[Provided data Boundary: Start]

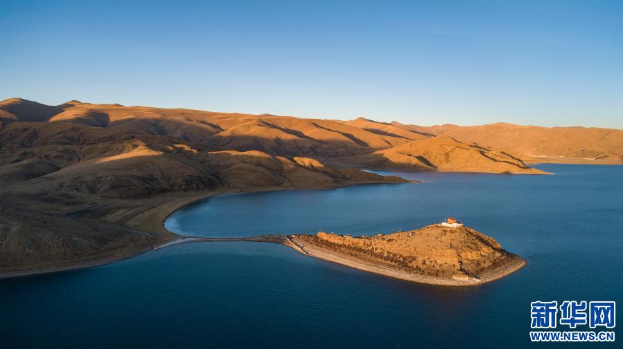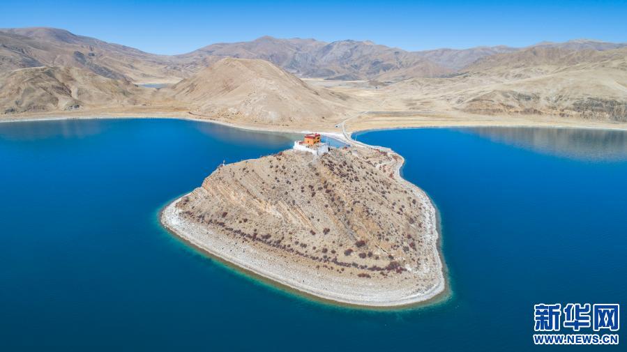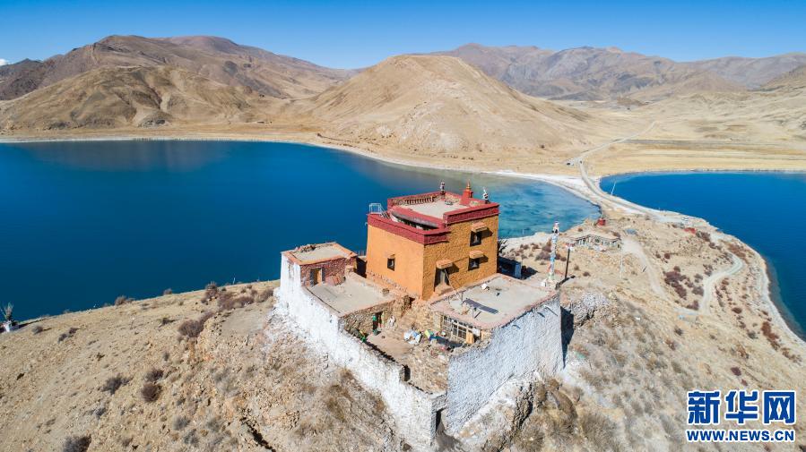 坐落于羊湖北岸一座小島上的日托寺(無(wú)人機(jī)照片,1月10日攝)。新華社記者 孫非 攝
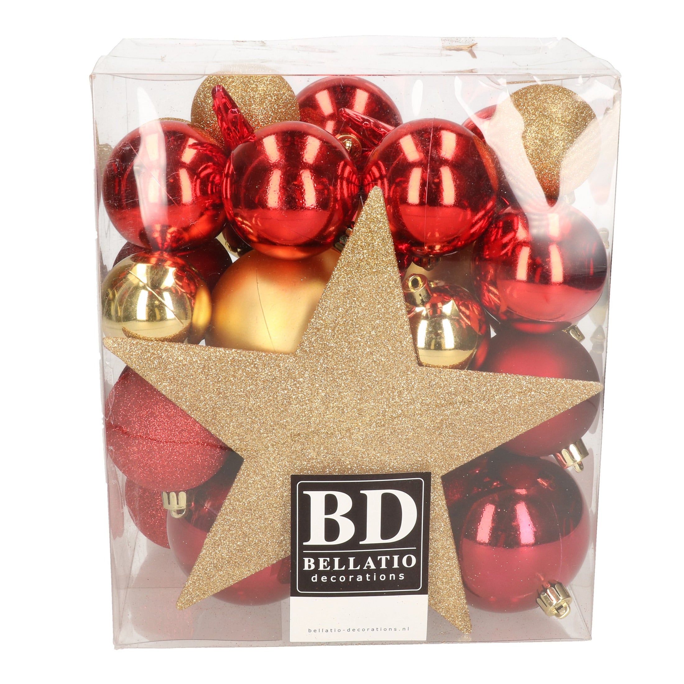 Bellatio Decorations kerstballen - 34-dlg - goud|rood - kunststof
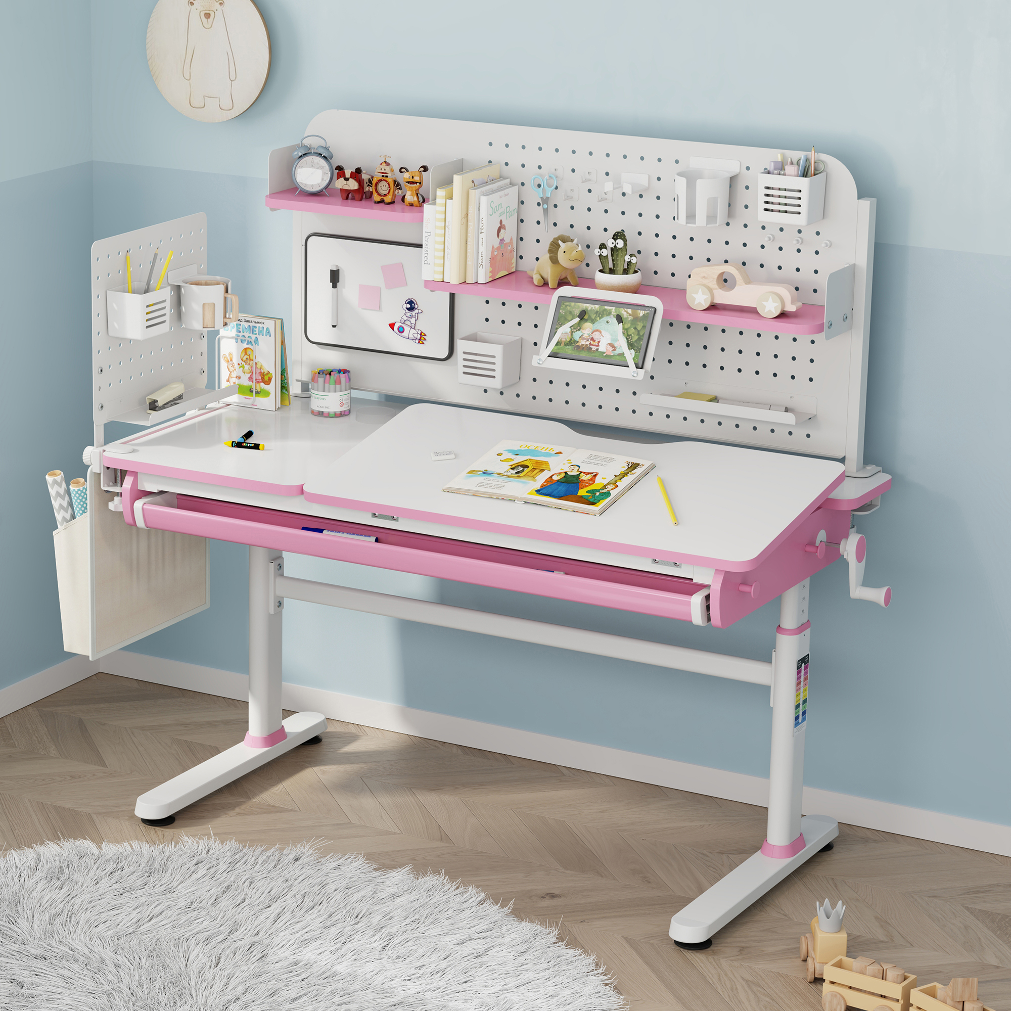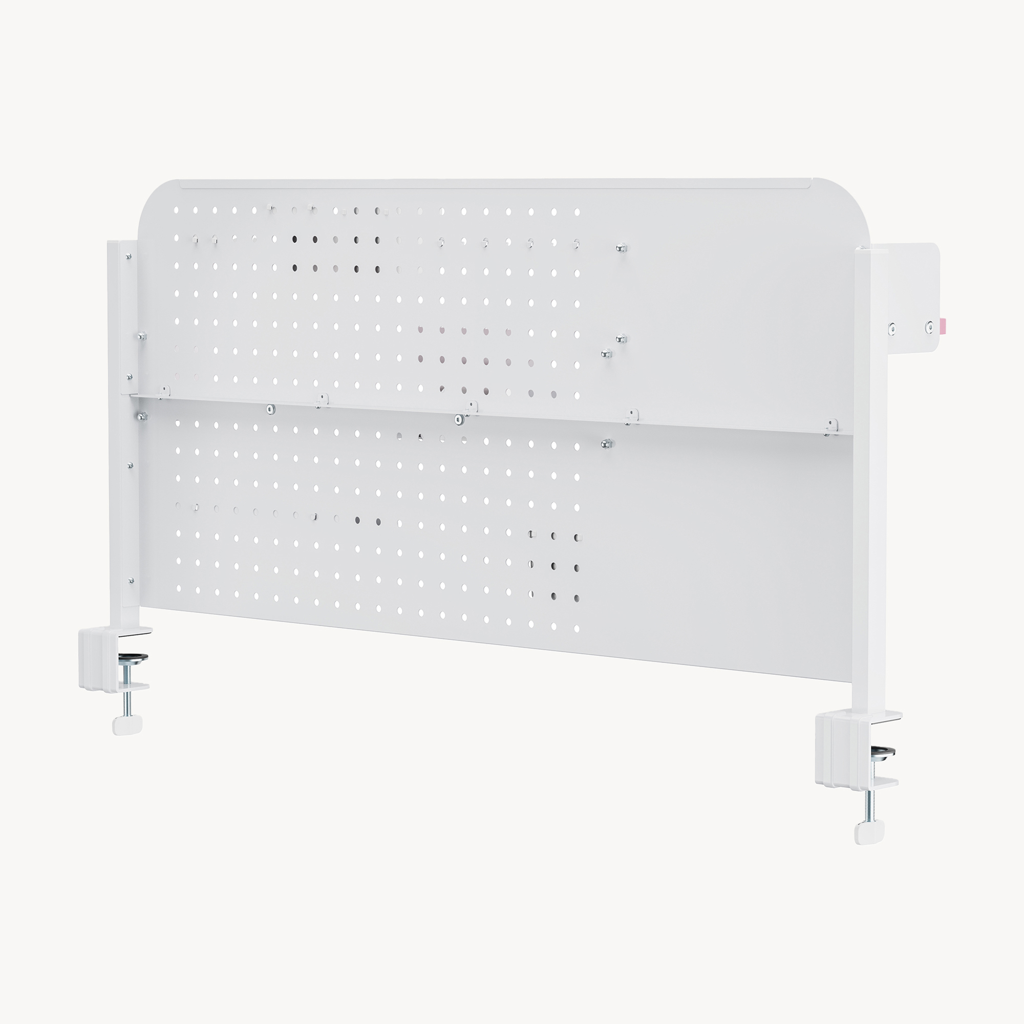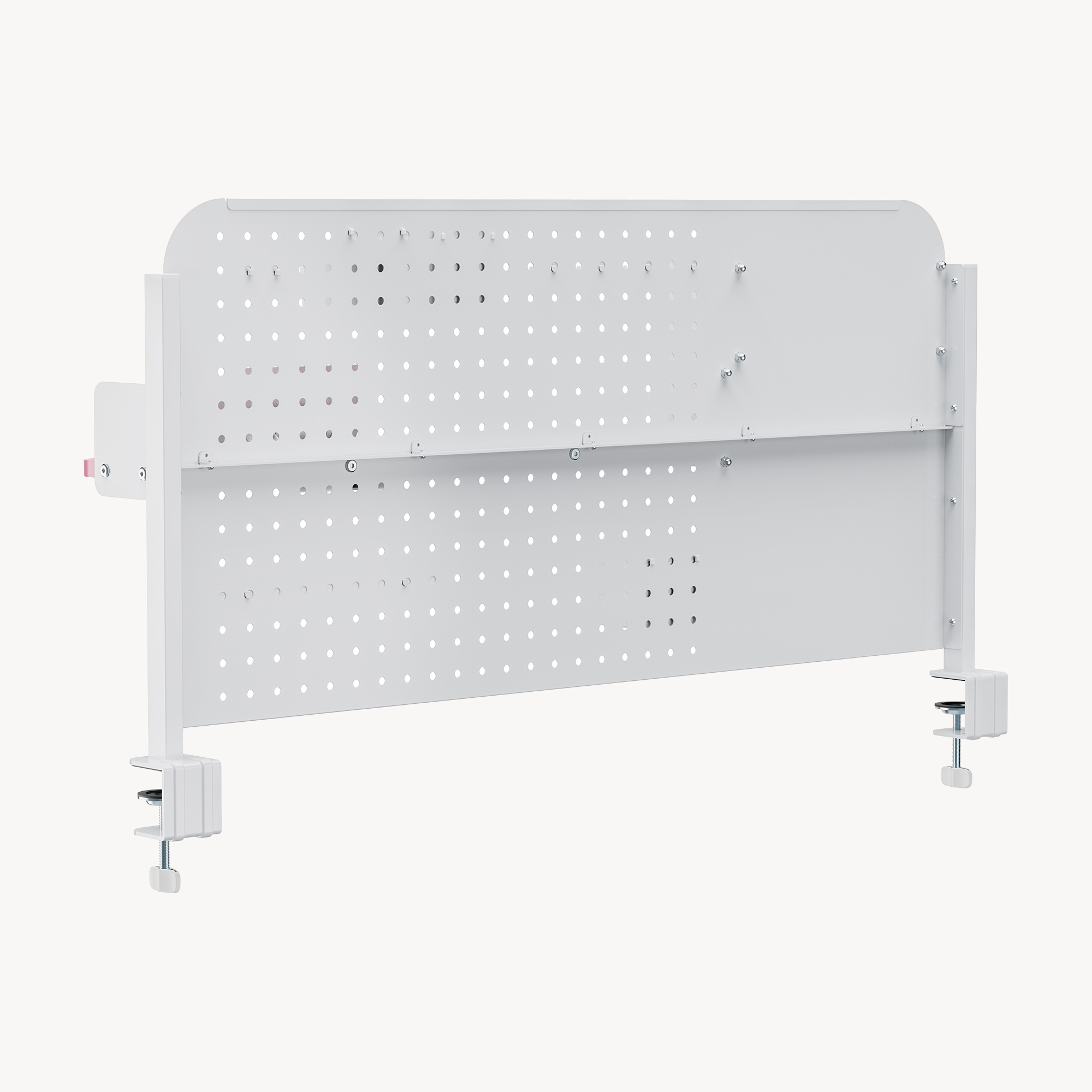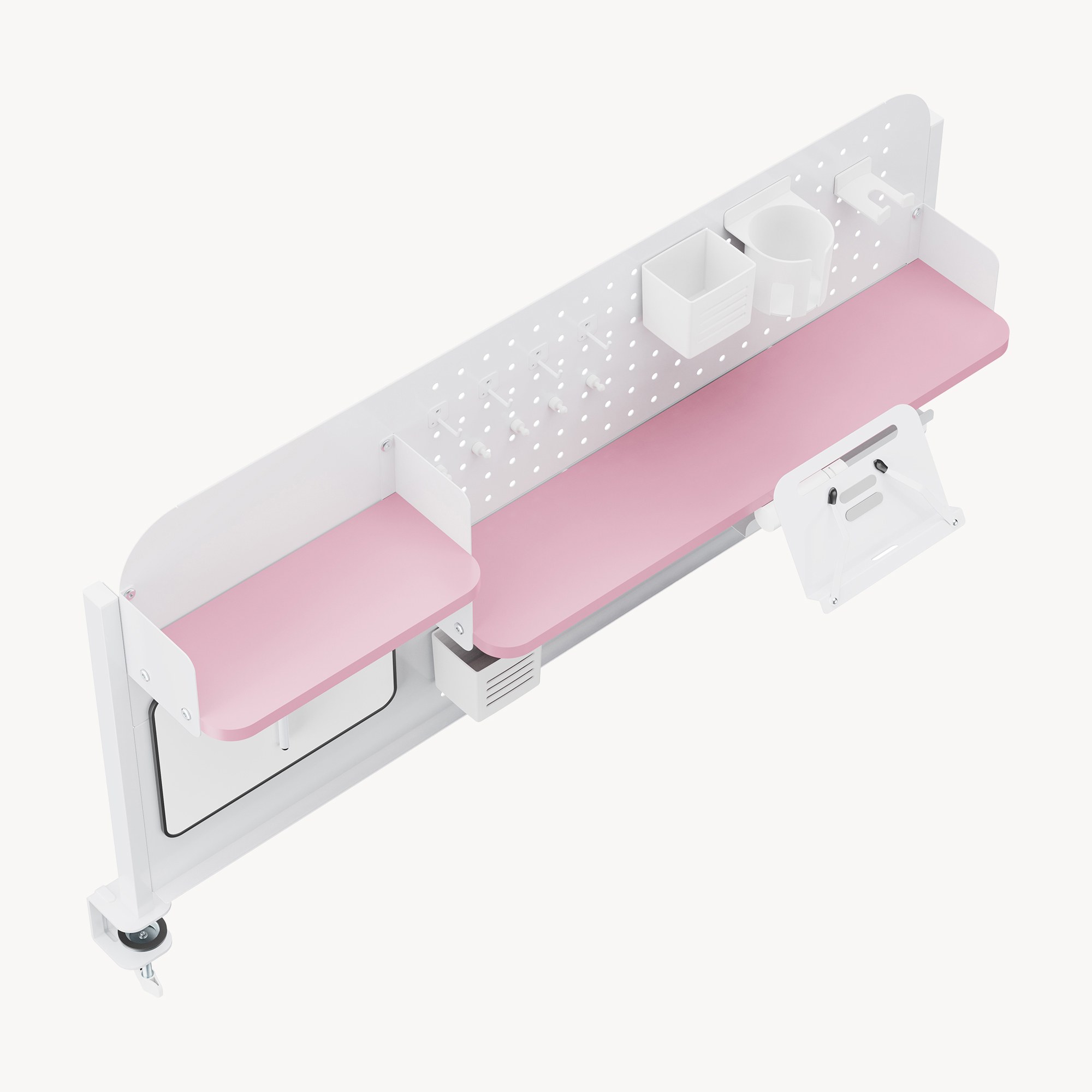 Panoul perforat generos permite o organizare flexibilă, iar accesoriile incluse te ajută să păstrezi la îndemână pixuri, căști, tabletă, notițe și alte obiecte importante. Designul în combinație alb/roz adaugă un aspect modern și plăcut, perfect pentru un spațiu de lucru aerisit și bine organizat.

[Provided data Boundary: End]

◆ Activity ◆
Print each line of the listing, starting at its first and ending with the line that holds "Bellatio Decorations kerstballen", but skip any pictures.

◆ Written answer ◆
 坐落于羊湖北岸一座小島上的日托寺(無(wú)人機(jī)照片,1月10日攝)。新華社記者 孫非 攝
 Bellatio Decorations kerstballen - 34-dlg - goud|rood - kunststof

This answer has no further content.